Task to carry out —
In the records below, find the line that contains "Söndagen den 3" and the line that contains "Contemporary, modern label", then retype exactly those two lines and every line between them.

Source data —

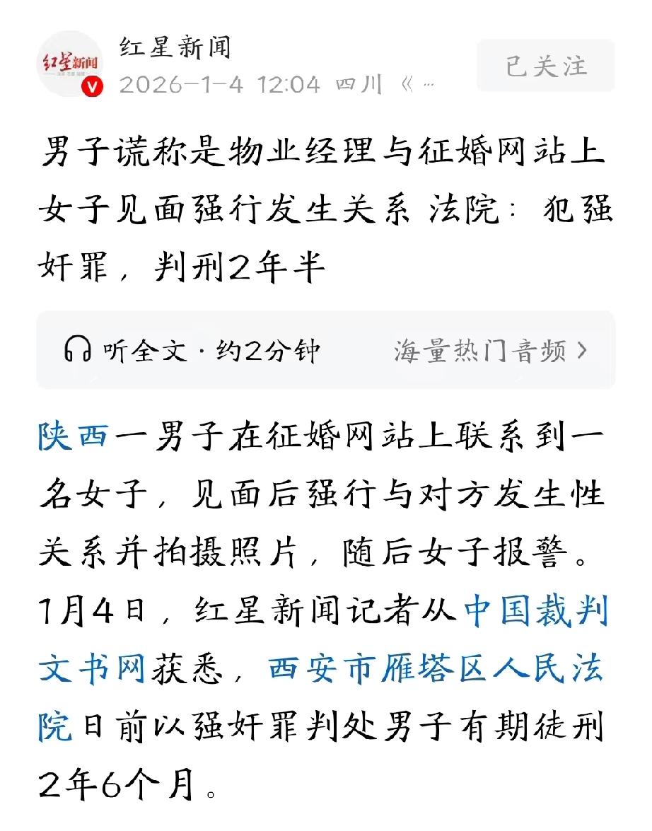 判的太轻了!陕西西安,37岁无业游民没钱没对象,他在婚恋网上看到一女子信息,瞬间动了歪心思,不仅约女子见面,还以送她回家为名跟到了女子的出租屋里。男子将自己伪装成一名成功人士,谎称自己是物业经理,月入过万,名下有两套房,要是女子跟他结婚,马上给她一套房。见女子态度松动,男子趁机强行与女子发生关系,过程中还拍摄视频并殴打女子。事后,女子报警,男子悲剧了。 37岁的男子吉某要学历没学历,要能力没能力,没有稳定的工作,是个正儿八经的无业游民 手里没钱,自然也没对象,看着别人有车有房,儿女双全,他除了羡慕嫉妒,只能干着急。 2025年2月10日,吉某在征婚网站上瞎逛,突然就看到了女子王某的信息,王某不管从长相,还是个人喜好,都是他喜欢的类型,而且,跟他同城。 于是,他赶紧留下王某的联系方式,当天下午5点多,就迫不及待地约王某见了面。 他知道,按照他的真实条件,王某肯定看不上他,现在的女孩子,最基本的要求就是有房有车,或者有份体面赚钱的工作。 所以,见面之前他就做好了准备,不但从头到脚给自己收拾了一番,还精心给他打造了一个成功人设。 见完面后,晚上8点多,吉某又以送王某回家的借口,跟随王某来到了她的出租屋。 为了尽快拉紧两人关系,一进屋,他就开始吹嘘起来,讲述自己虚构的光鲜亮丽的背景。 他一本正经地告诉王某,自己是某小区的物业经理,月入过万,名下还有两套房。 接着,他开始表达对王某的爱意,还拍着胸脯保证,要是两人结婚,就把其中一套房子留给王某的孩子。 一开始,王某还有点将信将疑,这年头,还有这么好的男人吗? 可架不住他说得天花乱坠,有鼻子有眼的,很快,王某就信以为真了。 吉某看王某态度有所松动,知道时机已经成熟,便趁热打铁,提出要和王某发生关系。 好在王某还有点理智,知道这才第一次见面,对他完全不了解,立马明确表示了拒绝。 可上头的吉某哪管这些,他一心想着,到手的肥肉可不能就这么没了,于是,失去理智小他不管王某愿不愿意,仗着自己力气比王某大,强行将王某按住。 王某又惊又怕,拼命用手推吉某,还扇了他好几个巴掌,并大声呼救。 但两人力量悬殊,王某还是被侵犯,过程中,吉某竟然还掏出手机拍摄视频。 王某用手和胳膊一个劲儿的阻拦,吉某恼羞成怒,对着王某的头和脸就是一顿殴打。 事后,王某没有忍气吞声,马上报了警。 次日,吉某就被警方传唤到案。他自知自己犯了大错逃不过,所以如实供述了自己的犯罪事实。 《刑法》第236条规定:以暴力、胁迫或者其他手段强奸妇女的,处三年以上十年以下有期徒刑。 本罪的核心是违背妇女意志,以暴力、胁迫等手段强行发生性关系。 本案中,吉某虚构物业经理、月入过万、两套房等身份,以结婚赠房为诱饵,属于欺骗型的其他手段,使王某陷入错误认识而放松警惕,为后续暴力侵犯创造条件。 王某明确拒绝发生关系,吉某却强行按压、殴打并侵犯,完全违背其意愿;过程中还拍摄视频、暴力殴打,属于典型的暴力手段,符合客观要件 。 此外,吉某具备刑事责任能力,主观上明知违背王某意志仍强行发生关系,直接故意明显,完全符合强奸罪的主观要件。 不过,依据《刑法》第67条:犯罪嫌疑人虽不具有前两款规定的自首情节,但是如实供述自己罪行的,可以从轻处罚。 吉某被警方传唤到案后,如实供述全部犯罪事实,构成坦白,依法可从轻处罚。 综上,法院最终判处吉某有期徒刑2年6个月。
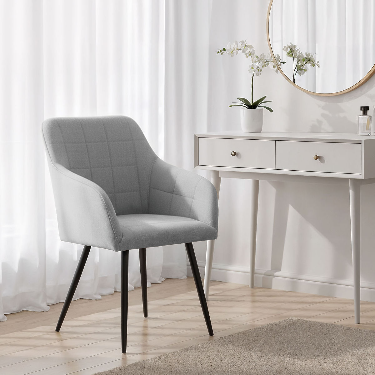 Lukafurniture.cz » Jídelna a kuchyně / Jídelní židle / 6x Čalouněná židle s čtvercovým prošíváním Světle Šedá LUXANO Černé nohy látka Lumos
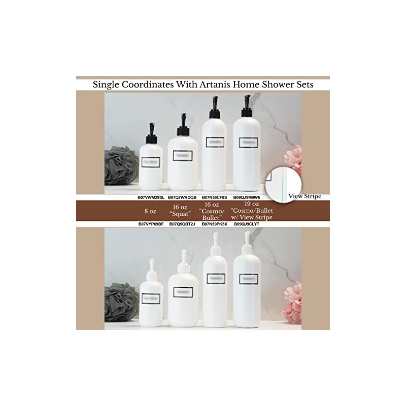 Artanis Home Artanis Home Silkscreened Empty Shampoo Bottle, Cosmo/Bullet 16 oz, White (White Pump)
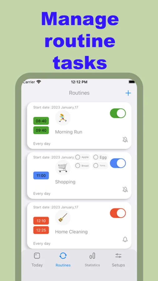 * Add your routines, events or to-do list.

...

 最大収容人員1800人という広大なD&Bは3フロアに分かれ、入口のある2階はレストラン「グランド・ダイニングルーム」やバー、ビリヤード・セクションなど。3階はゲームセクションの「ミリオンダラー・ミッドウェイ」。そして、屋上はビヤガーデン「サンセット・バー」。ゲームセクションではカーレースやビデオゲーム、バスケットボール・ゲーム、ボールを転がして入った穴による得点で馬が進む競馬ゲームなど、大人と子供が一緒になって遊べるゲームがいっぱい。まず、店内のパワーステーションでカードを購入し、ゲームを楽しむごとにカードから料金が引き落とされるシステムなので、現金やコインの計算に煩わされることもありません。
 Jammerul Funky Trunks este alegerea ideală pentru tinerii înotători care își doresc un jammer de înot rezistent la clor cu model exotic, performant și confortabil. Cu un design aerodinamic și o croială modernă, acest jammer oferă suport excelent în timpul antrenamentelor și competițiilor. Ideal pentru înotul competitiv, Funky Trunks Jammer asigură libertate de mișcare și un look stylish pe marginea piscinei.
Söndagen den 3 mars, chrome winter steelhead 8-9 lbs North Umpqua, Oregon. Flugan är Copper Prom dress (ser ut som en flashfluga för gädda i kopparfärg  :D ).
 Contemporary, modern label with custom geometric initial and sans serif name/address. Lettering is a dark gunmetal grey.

...

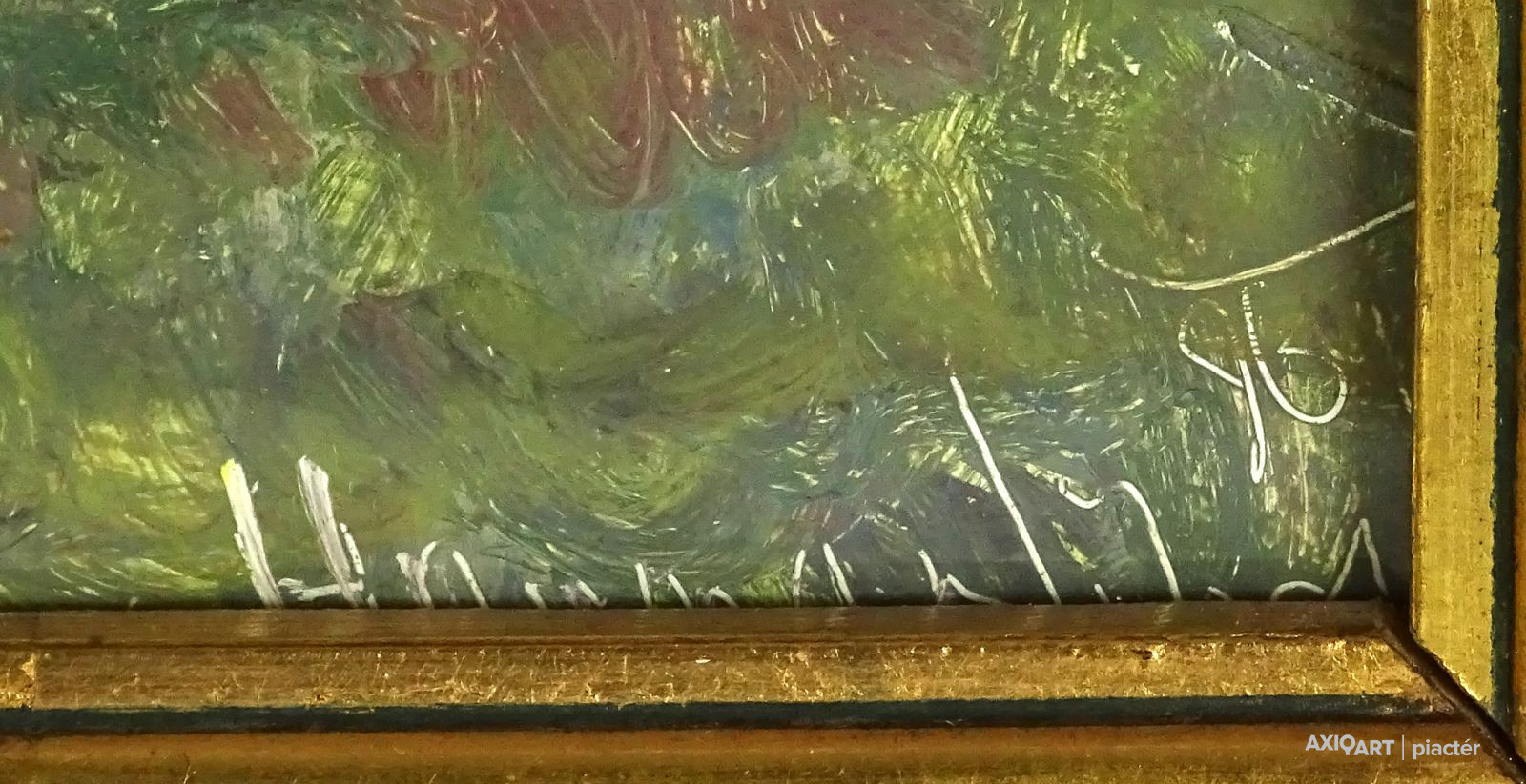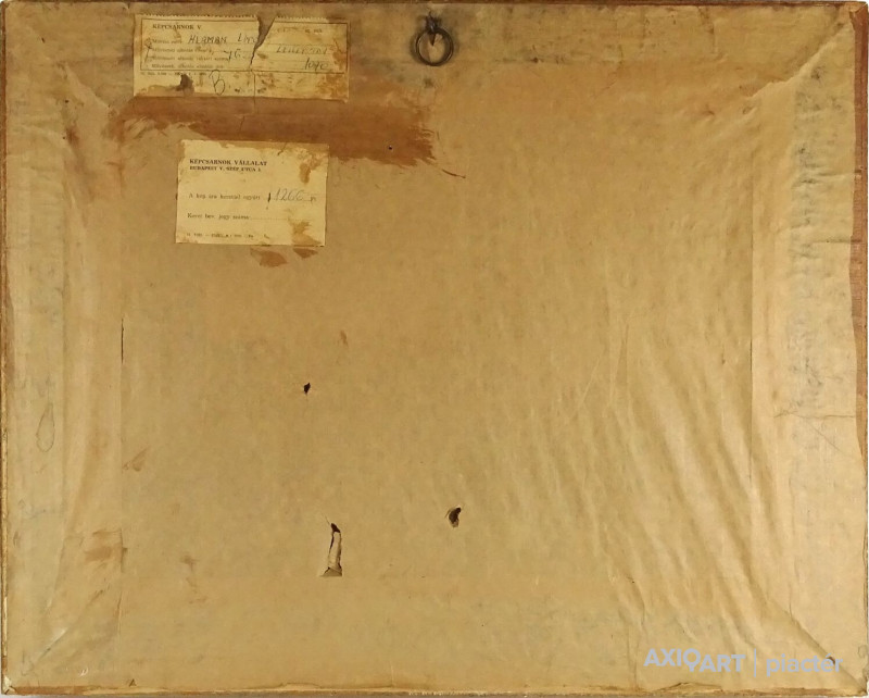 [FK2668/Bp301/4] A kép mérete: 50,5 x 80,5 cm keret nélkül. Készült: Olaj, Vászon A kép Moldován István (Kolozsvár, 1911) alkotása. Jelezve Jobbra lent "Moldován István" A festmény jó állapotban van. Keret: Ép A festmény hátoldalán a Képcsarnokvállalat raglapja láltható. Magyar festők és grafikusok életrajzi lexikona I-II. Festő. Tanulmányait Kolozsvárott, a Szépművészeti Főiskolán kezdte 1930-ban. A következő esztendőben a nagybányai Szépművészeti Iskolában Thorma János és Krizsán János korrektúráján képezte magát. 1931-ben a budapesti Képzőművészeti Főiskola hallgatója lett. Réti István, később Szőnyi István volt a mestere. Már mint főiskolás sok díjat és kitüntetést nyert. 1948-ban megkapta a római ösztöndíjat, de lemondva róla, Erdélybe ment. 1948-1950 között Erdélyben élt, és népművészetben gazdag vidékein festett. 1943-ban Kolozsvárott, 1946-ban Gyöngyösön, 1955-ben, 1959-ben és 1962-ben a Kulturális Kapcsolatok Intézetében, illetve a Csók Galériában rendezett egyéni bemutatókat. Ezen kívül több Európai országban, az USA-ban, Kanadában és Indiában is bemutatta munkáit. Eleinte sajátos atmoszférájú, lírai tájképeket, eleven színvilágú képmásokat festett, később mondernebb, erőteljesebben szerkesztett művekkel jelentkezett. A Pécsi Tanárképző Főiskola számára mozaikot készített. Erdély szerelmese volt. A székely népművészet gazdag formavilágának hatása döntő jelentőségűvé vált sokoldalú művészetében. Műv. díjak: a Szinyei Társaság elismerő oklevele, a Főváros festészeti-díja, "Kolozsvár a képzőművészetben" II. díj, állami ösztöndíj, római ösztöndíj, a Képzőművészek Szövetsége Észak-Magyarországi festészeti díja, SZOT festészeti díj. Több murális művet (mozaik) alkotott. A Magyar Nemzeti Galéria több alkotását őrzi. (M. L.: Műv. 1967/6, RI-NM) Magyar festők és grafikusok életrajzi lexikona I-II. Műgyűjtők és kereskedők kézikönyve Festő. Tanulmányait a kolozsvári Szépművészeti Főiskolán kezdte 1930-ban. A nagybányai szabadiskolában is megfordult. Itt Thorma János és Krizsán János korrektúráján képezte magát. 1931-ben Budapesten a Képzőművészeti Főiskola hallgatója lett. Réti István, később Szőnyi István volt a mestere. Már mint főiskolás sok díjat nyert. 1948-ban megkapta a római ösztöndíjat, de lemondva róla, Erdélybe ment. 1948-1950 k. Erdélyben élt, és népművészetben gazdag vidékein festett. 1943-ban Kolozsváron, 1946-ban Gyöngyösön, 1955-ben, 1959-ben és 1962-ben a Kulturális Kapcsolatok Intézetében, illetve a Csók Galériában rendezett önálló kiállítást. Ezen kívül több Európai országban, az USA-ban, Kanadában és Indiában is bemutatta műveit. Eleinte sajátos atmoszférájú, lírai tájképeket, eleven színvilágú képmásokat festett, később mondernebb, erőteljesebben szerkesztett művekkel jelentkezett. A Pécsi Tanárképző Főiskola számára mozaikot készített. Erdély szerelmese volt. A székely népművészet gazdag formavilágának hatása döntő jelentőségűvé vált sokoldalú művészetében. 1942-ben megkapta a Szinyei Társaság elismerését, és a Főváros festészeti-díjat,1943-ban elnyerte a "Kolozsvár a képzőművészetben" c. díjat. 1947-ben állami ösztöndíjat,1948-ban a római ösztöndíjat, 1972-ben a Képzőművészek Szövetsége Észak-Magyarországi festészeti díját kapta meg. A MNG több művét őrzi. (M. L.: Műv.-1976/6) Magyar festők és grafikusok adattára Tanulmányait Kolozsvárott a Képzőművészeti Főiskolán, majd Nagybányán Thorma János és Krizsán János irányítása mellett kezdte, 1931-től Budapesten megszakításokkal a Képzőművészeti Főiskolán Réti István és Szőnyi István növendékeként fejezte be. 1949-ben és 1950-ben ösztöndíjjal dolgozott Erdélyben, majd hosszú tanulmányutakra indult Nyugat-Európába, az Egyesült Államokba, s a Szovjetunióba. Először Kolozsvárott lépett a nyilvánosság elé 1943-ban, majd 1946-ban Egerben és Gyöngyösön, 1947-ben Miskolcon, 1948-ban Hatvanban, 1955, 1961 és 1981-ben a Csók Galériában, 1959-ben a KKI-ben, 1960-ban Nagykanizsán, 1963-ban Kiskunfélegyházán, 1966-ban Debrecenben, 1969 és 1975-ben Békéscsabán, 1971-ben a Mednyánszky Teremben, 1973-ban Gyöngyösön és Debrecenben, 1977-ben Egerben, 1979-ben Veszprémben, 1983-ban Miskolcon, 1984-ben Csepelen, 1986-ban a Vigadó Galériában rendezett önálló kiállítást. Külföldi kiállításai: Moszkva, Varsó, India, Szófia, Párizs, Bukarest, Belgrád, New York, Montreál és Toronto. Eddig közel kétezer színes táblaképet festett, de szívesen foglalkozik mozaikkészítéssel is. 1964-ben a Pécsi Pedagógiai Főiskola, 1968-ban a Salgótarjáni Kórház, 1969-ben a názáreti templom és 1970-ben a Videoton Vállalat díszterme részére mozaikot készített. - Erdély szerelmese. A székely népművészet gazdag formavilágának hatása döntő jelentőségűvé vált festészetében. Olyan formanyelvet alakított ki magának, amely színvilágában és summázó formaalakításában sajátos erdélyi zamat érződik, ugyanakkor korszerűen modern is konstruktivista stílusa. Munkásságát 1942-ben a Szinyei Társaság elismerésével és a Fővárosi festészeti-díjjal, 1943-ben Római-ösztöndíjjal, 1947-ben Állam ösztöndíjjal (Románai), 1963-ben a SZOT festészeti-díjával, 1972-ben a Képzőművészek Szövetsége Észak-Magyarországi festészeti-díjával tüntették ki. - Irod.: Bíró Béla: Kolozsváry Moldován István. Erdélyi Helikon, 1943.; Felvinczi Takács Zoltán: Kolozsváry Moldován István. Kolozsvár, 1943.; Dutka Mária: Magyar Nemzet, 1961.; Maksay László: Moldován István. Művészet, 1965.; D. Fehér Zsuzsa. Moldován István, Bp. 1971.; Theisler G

Task output —
Söndagen den 3 mars, chrome winter steelhead 8-9 lbs North Umpqua, Oregon. Flugan är Copper Prom dress (ser ut som en flashfluga för gädda i kopparfärg  :D ).
 Contemporary, modern label with custom geometric initial and sans serif name/address. Lettering is a dark gunmetal grey.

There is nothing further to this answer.